╔══

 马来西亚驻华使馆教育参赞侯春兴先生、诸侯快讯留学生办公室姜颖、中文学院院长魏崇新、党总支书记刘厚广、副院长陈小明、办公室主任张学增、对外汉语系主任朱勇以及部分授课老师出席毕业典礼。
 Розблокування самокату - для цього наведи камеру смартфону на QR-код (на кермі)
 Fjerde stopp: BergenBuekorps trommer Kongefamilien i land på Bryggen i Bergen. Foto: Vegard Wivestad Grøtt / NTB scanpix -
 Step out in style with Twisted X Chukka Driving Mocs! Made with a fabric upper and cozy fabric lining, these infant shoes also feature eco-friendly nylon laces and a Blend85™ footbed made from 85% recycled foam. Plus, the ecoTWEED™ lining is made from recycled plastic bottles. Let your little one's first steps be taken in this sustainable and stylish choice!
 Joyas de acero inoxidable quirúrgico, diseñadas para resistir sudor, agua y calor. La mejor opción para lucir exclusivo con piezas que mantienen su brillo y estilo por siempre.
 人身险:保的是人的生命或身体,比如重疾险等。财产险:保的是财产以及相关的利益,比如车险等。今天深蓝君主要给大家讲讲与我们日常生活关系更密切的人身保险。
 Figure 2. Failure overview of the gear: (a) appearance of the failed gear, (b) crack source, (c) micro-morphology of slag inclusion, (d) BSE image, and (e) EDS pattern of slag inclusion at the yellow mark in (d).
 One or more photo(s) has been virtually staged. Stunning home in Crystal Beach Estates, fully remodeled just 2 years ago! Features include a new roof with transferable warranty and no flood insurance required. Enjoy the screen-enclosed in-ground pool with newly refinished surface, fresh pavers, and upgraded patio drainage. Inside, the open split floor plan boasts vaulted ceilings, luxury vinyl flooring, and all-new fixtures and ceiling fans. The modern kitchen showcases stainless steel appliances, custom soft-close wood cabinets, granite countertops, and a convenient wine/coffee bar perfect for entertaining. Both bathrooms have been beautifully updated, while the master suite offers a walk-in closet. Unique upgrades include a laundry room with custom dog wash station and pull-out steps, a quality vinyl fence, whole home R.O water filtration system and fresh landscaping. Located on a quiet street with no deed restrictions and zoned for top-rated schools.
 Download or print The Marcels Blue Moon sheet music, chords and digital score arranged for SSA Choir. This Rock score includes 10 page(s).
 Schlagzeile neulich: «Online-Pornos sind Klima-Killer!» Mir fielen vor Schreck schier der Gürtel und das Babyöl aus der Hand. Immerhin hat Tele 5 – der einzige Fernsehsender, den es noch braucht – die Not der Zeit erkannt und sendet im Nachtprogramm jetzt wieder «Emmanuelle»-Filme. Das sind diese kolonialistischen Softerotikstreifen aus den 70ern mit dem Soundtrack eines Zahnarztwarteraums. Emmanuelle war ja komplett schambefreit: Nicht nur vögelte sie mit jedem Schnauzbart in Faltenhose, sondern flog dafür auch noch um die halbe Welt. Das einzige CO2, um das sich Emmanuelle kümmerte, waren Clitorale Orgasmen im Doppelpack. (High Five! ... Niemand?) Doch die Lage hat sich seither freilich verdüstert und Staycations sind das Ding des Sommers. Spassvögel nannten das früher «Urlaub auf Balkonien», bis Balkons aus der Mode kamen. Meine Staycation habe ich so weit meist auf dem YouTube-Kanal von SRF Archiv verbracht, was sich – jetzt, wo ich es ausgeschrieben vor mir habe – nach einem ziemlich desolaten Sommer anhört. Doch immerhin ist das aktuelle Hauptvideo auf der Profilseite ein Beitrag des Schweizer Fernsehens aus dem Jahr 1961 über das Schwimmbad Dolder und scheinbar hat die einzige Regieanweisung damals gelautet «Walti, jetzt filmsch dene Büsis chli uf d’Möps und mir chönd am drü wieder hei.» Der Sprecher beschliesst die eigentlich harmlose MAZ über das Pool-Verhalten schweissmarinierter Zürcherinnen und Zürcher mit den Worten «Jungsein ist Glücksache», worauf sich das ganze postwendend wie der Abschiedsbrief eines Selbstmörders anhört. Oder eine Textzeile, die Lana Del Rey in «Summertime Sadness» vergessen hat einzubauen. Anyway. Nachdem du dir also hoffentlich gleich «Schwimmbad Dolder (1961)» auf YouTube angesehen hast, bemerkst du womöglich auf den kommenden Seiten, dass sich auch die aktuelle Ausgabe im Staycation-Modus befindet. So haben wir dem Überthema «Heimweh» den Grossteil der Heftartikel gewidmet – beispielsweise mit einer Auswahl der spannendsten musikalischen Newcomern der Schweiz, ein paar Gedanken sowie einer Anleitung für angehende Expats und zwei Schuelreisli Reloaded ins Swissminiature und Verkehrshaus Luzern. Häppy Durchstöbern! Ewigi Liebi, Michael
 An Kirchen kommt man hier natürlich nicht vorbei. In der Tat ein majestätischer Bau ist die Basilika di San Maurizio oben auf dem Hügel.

╚══

▶ **PROBLEM TO WORK ON**:
Return each line of the data where the word "steps" appears.

▶ **WRITTEN ANSWER**:
 Step out in style with Twisted X Chukka Driving Mocs! Made with a fabric upper and cozy fabric lining, these infant shoes also feature eco-friendly nylon laces and a Blend85™ footbed made from 85% recycled foam. Plus, the ecoTWEED™ lining is made from recycled plastic bottles. Let your little one's first steps be taken in this sustainable and stylish choice!
 One or more photo(s) has been virtually staged. Stunning home in Crystal Beach Estates, fully remodeled just 2 years ago! Features include a new roof with transferable warranty and no flood insurance required. Enjoy the screen-enclosed in-ground pool with newly refinished surface, fresh pavers, and upgraded patio drainage. Inside, the open split floor plan boasts vaulted ceilings, luxury vinyl flooring, and all-new fixtures and ceiling fans. The modern kitchen showcases stainless steel appliances, custom soft-close wood cabinets, granite countertops, and a convenient wine/coffee bar perfect for entertaining. Both bathrooms have been beautifully updated, while the master suite offers a walk-in closet. Unique upgrades include a laundry room with custom dog wash station and pull-out steps, a quality vinyl fence, whole home R.O water filtration system and fresh landscaping. Located on a quiet street with no deed restrictions and zoned for top-rated schools.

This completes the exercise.